The Weather.app gives slightly different results on my iPhone versus either of my iPads, MBA. I have found he iPhone data to be much less accurate. Therefore, I do not use it.
I use Weather.app on my iPad & MBA and myRadar.app when Weather.app open has difficulty displaying current radar.
I use Weatherbug as an alternative at the moment, but often switch around among the free apps. Weather Channel’s app just got to get way to intrusive with the ads, it was my goto weather app for a long time, but I dropped it last year.
I always turn to Apple’s Weather first–I like the interface, and no ads. Also, the alerts help, even if they aren’t always accurate (expect rain in 15 minutes–and 15 minutes later, it’s sunny and not a cloud in the sky…), but I also will open Yahoo Weather, because it sometimes seems more accurate, but that isn’t a daily thing, unless the weather is changeable or I don’t trust what I’m seeing on Apple Weather. I deliver mail, so I use weather a lot. :-)
For current and short term (an hour or so in the future) forecasts, I use Weather on my iPhone. Only slightly more often than I use a link to the US Weather Service’s 5-day point for where I live on my Mac.
I would like to vote for BOTH Apple’s Weather app and a third party app (WeatherNetwork).
I like Apple’s app for a quick glance at the forecast and for the fact that it tracks the actual amount of precipitation today.
But the Weather Network app’s Radar view is far superior.

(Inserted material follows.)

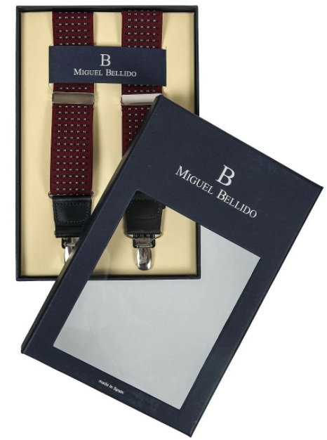 İspanyol markanın şık aksesuarı bordo renginde küçük bir desenle yapılmıştır. Her şeridin genişliği 3,7 cm'dir, uzunluğu geniş metal klipsler kullanılarak ayarlanabilir.

Plus it has a summary for Afternoon, Evening, Night and Morning to come. That’s a better level of detail than checking each of the next 24 hours.
Just to add to my answer above, when it comes to third party weather apps, I won’t use an app that has a bad tracking/privacy policy, particularly because for a weather app, allowing location access is important for an accurate forecast and for notifications of severe weather events. The right to follow my location for me requires a strict policy of not capturing that data and linking it to me. So, the wundergrounds and weather bugs and weather channels as apps on a device that is always on and always with me - they are just not for me.